*** Data extract Section Begins ***

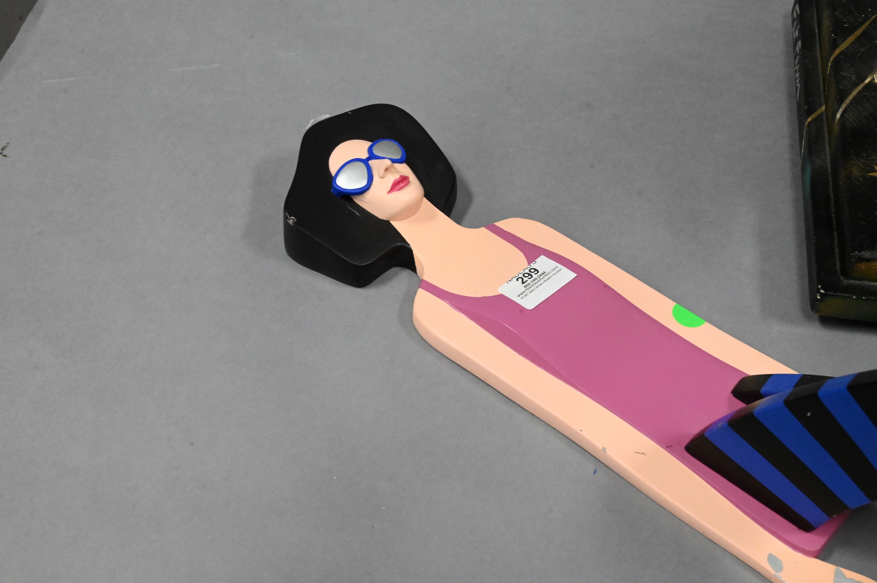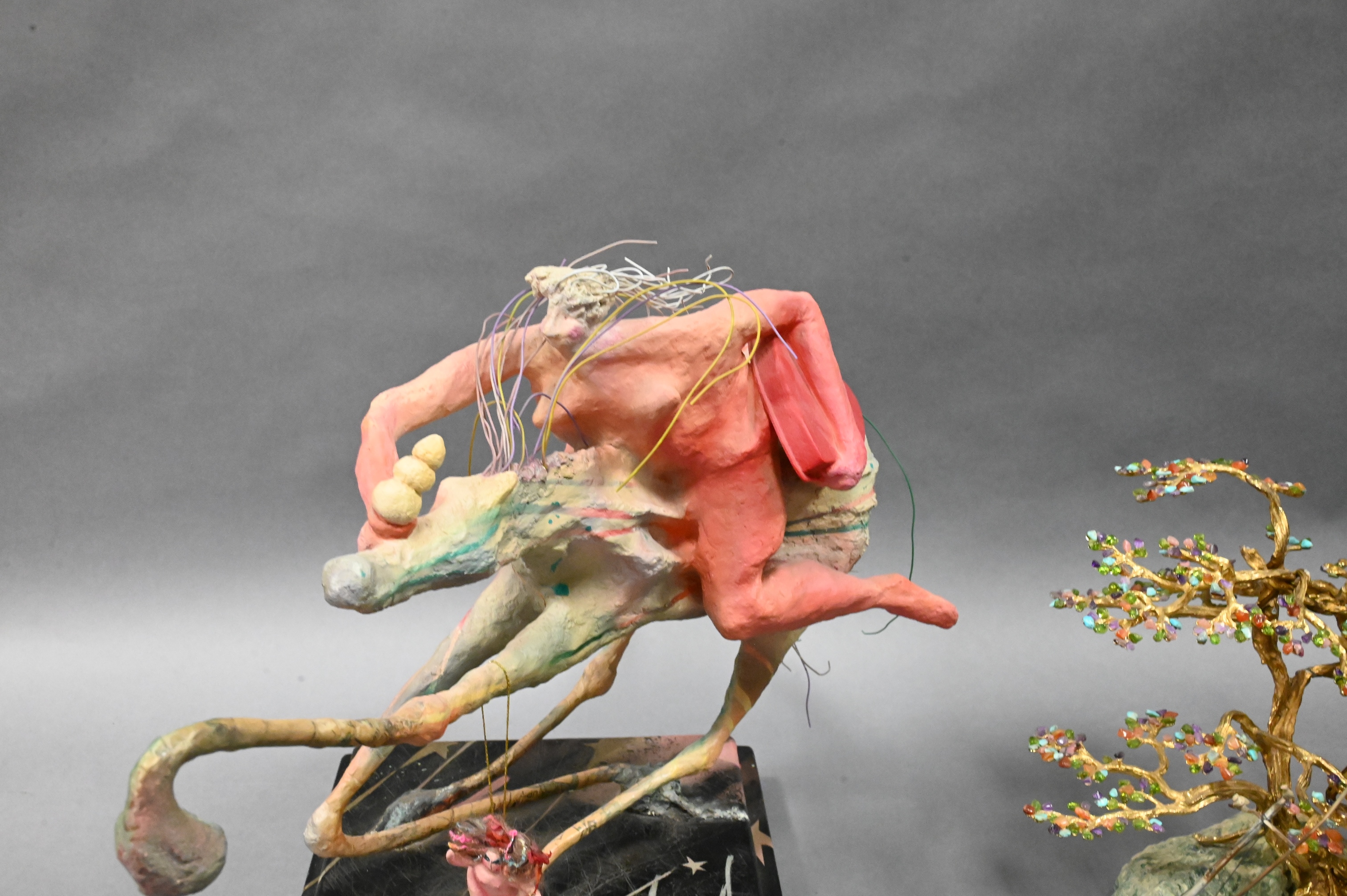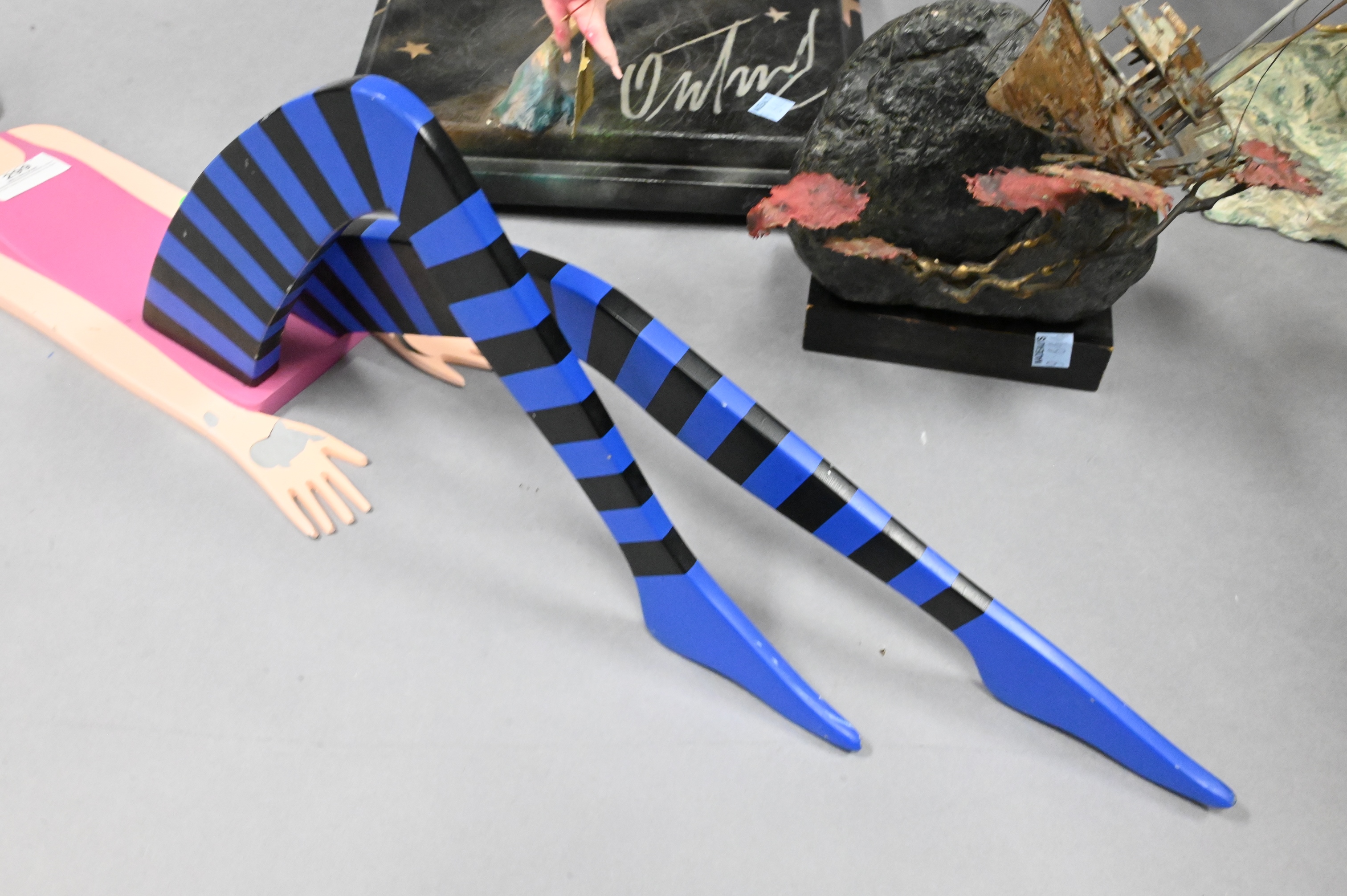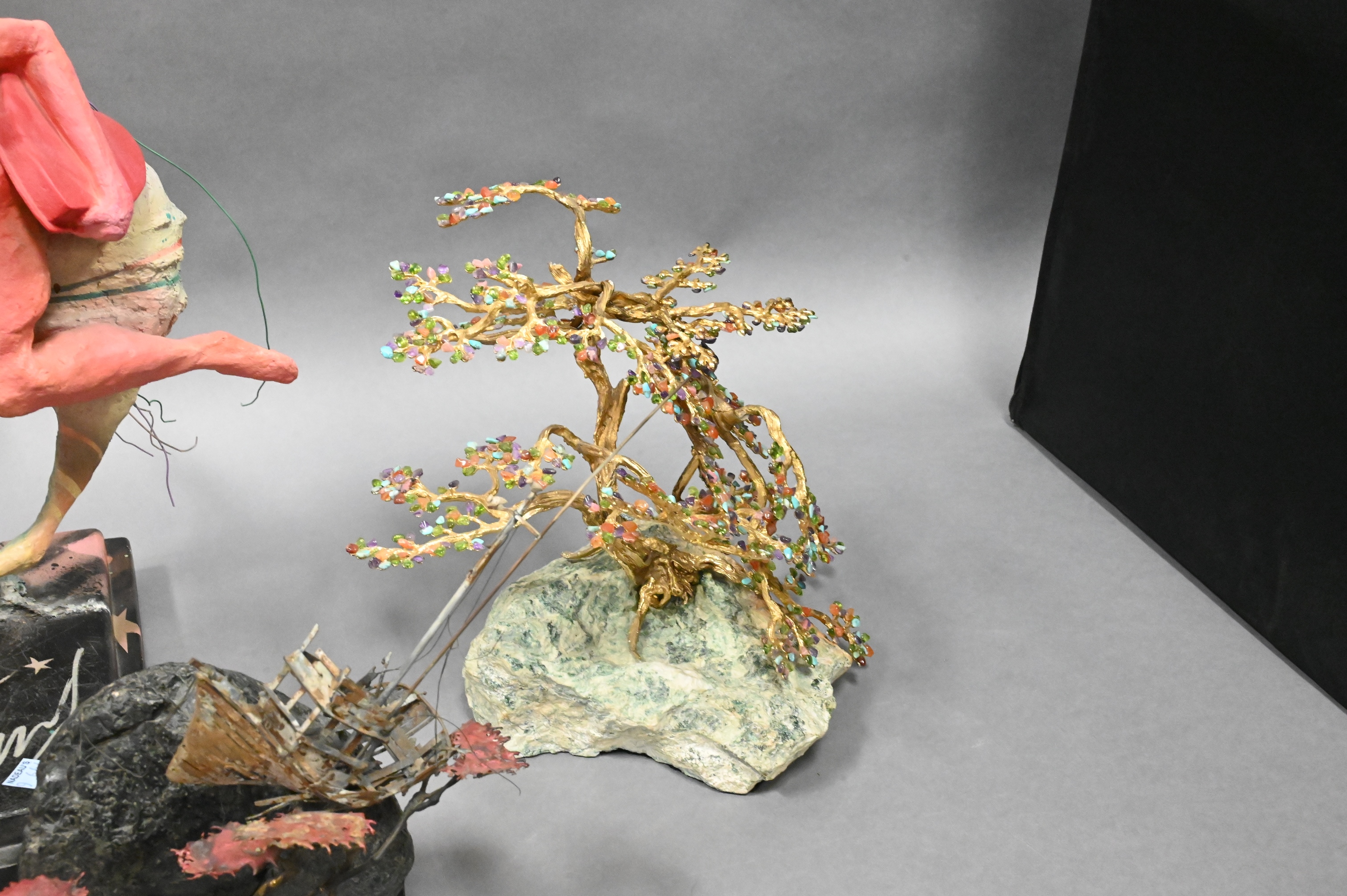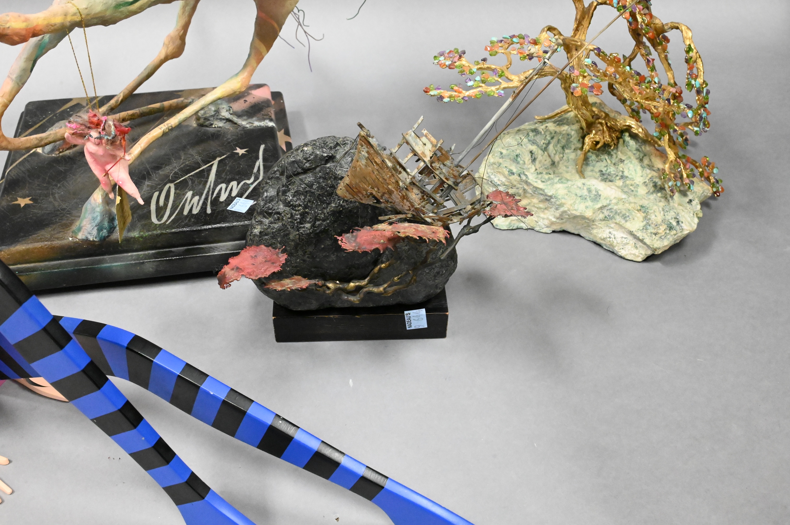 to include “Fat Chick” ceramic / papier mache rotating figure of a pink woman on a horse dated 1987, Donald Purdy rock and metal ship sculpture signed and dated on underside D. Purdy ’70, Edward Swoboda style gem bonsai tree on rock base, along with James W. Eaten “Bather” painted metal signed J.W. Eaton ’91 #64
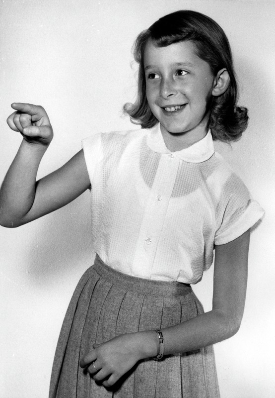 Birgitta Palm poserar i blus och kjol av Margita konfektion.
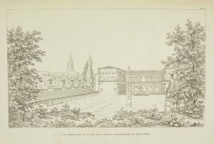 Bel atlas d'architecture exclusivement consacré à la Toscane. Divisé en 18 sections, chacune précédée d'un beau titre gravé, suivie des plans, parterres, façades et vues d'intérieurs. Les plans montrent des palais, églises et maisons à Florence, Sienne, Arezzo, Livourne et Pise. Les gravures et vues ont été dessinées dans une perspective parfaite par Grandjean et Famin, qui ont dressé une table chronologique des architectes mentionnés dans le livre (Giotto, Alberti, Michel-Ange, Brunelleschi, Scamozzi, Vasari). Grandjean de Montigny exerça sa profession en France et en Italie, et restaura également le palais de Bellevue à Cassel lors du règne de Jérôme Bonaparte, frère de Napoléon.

*** Data extract Section Ends ***

## The problem
Return only what lies between the line containing "Birgitta Palm poserar" and the last line of the listing, those two lines included, exactly as written and with no pictures.

## Exercise result
 Birgitta Palm poserar i blus och kjol av Margita konfektion.
 Bel atlas d'architecture exclusivement consacré à la Toscane. Divisé en 18 sections, chacune précédée d'un beau titre gravé, suivie des plans, parterres, façades et vues d'intérieurs. Les plans montrent des palais, églises et maisons à Florence, Sienne, Arezzo, Livourne et Pise. Les gravures et vues ont été dessinées dans une perspective parfaite par Grandjean et Famin, qui ont dressé une table chronologique des architectes mentionnés dans le livre (Giotto, Alberti, Michel-Ange, Brunelleschi, Scamozzi, Vasari). Grandjean de Montigny exerça sa profession en France et en Italie, et restaura également le palais de Bellevue à Cassel lors du règne de Jérôme Bonaparte, frère de Napoléon.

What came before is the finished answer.